Even if your pipeline is fully automated, there’s value in taking a peek at your changes as soon as you know they’ve been rolled out. Who knows? You might have triggered your pipeline on the wrong commit or forgot to stage the file that actually enables your change. No access to production? Focus on staging or an ephemeral environment.
You can also start before you even push a commit. Tools like Tilt, kind and others allow you to run your changes locally in a production-like manner. So once you know your build and likely your faster unit tests are passing, you can do a slower manual test.
Granted, all of this adds time to the process of getting software out of the door.
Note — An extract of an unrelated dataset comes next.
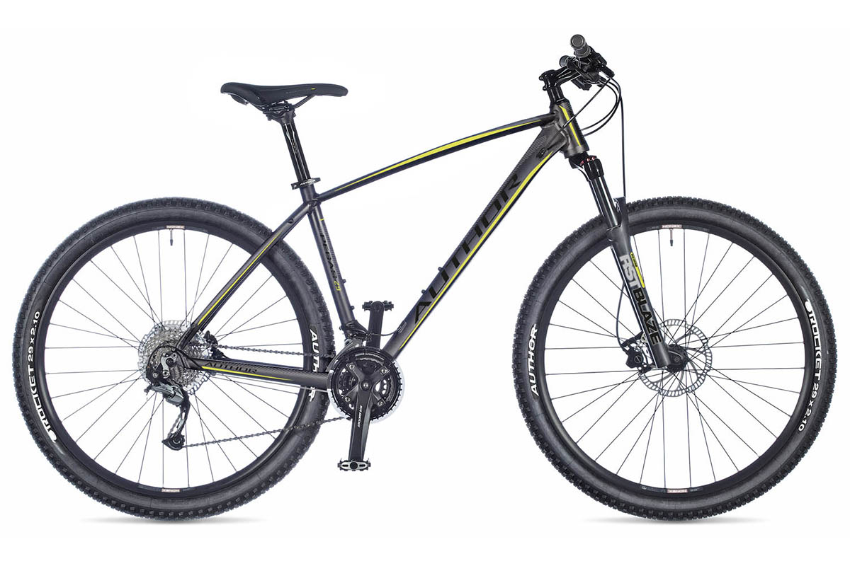 Год 2019 Возможные размеры 17", 19", 21" Модель рамы hydroformed alloy 6061 29" Задний амортизатор - Рулевая колонка AUTHOR Integrated 1.5" tapered Ведущие звезды SUNTOUR XCM 40-30-22 teeth 170 / 175 mm cranks Каретка SUNTOUR XCT cartridge Вилка RST Blaze 29 TnL oil, lock out (100 mm) Передний переключатель SHIMANO Alivio (34.9) Задний переключатель SHIMANO Acera Манетки SHIMANO Acera (27) Кассета SHIMANO HG200-9 11-34 (9) Цепь KMC Z9 Втулки QUANDO Disc 32 holes Тормоза TEKTRO Auriga disc hydraulic (7" rotors) Тормозные ручки TEKTRO Auriga Обода AUTHOR Xenon 29 32 holes Спицы black steel Покрышки AUTHOR Rocket 29" x 2.10" Педали AUTHOR alloy Руль AUTHOR Flatbar 9° 700 mm Грипсы AUTHOR Pro Lock Вынос AUTHOR alloy Подседельный штырь AUTHOR alloy (31.6) Седло AUTHOR Navigator Скоростей 27 Вес 15.3 kg -
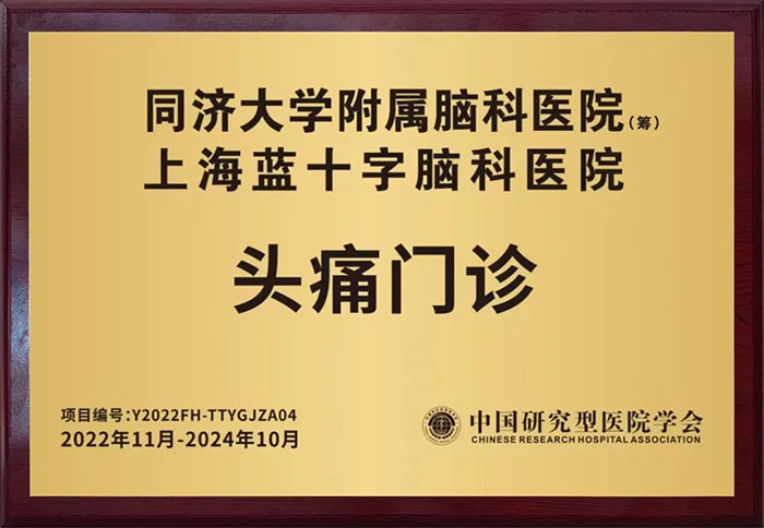 上海蓝十字脑科医院已开设头痛专病门诊多年,每周定期开诊,形成了以中西医结合方法辨证施治、诊治各种类型头痛的专科特色,强调头痛治疗的系统化、规范化和科学化。经中国研究型医院学会头痛与感觉障碍专业委员会审核评估,医院头痛诊疗综合实力达到头痛门诊建设标准,于2022年11月获批设立“头痛门诊”,是学会批准设立的上海市第二个“头痛门诊”。

But the other beauty of manual testing is that humans can get better at it, applying their discretion to do more or less testing depending on the change being made in any given moment.
Optics
There is also a significant social benefit to having performed manual tests along the way. You remember what you saw and can draw on that when handling failures. When your manager appears at your desk asking about an angry customer report, you’re not caught having to admit that you don’t know if the code worked when it hit production.
Even better, if you make it a habit of manually testing in production, you will have accounts and other configuration ready to go when you need to diagnose a fault. This will save you valuable time.
Conclusion
Automated testing is an incredibly useful tool that can help you create higher quality software more efficiently. But it cannot entirely replace manual testing, and an engineer who diligently performs their own tests will amplify the benefits of a strong automated testing strategy.